REQUIRED ACTION: Keep the images out while you retype all of the data exactly.

GIVEN DATA:
⁂

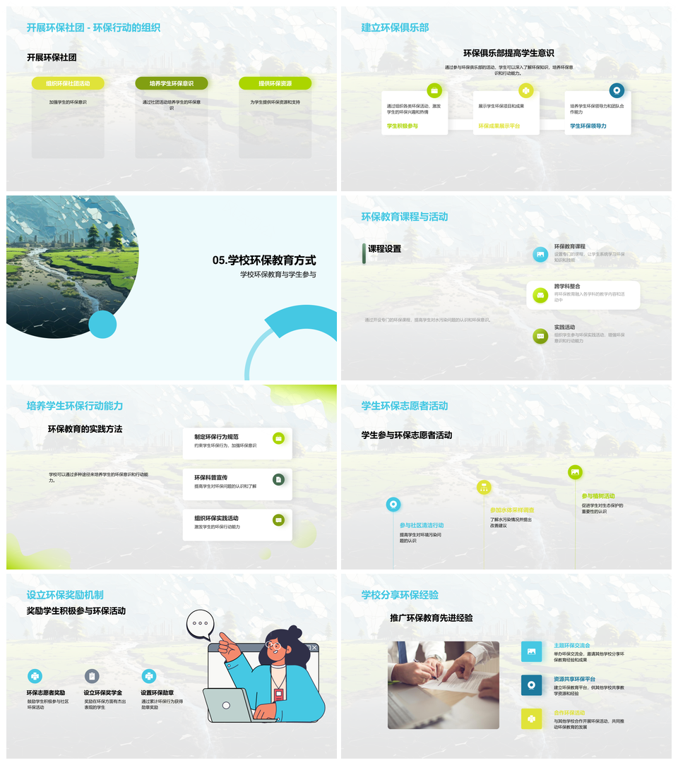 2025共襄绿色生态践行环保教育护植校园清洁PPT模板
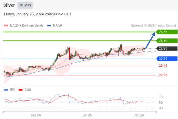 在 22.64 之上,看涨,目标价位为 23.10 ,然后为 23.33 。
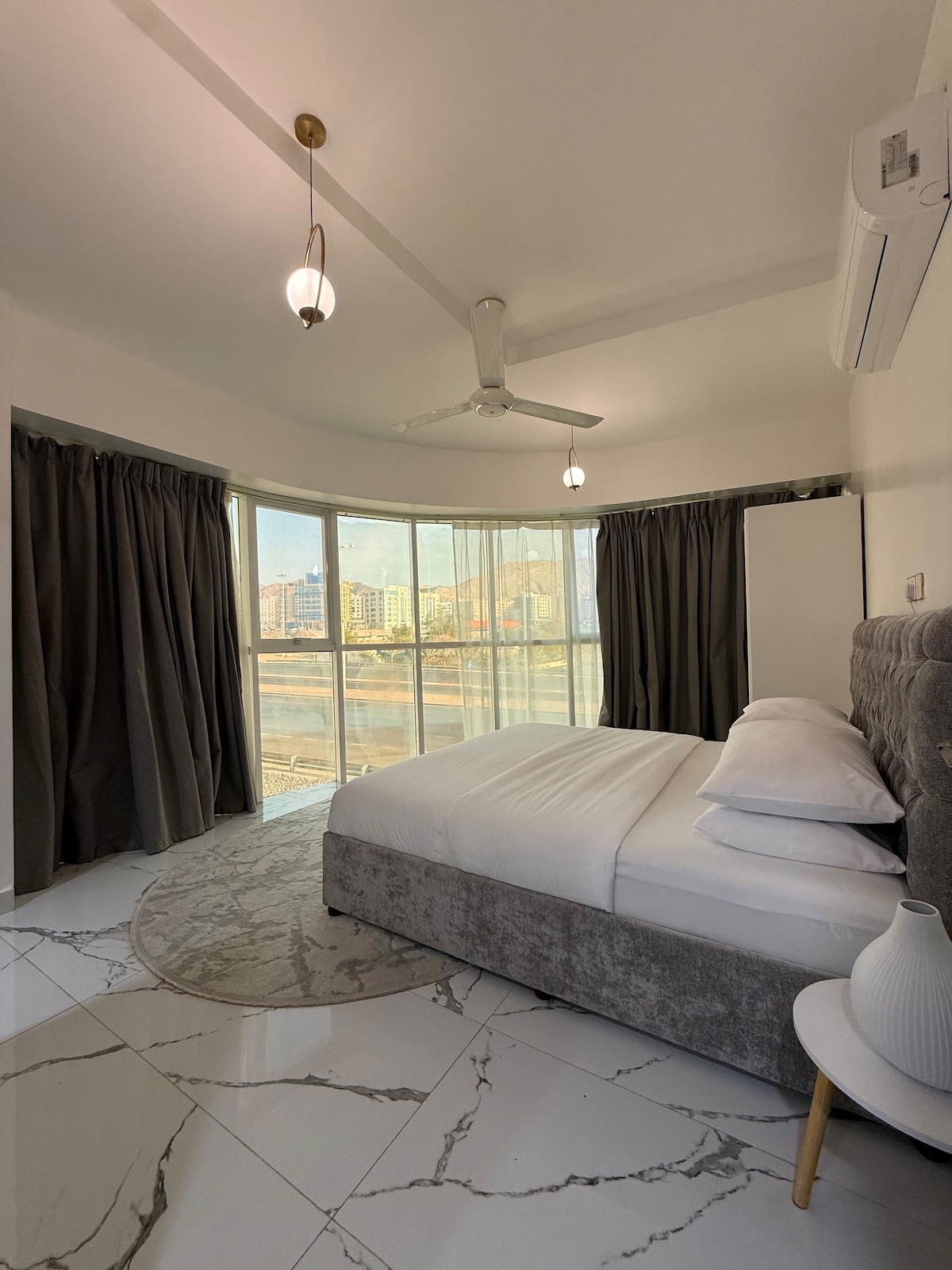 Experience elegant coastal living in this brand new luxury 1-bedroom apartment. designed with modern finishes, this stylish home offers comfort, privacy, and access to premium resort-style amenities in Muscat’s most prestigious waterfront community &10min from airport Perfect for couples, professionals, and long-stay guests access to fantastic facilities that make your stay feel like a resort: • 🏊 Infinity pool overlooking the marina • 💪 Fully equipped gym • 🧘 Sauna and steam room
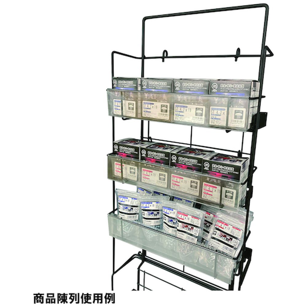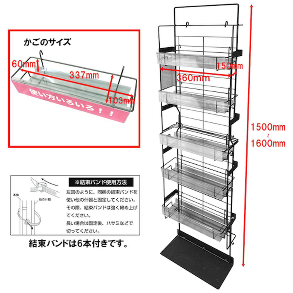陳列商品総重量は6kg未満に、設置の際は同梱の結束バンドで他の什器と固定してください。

⁂

EXERCISE RESULT:
 2025共襄绿色生态践行环保教育护植校园清洁PPT模板
 在 22.64 之上,看涨,目标价位为 23.10 ,然后为 23.33 。
 Experience elegant coastal living in this brand new luxury 1-bedroom apartment. designed with modern finishes, this stylish home offers comfort, privacy, and access to premium resort-style amenities in Muscat’s most prestigious waterfront community &10min from airport Perfect for couples, professionals, and long-stay guests access to fantastic facilities that make your stay feel like a resort: • 🏊 Infinity pool overlooking the marina • 💪 Fully equipped gym • 🧘 Sauna and steam room
陳列商品総重量は6kg未満に、設置の際は同梱の結束バンドで他の什器と固定してください。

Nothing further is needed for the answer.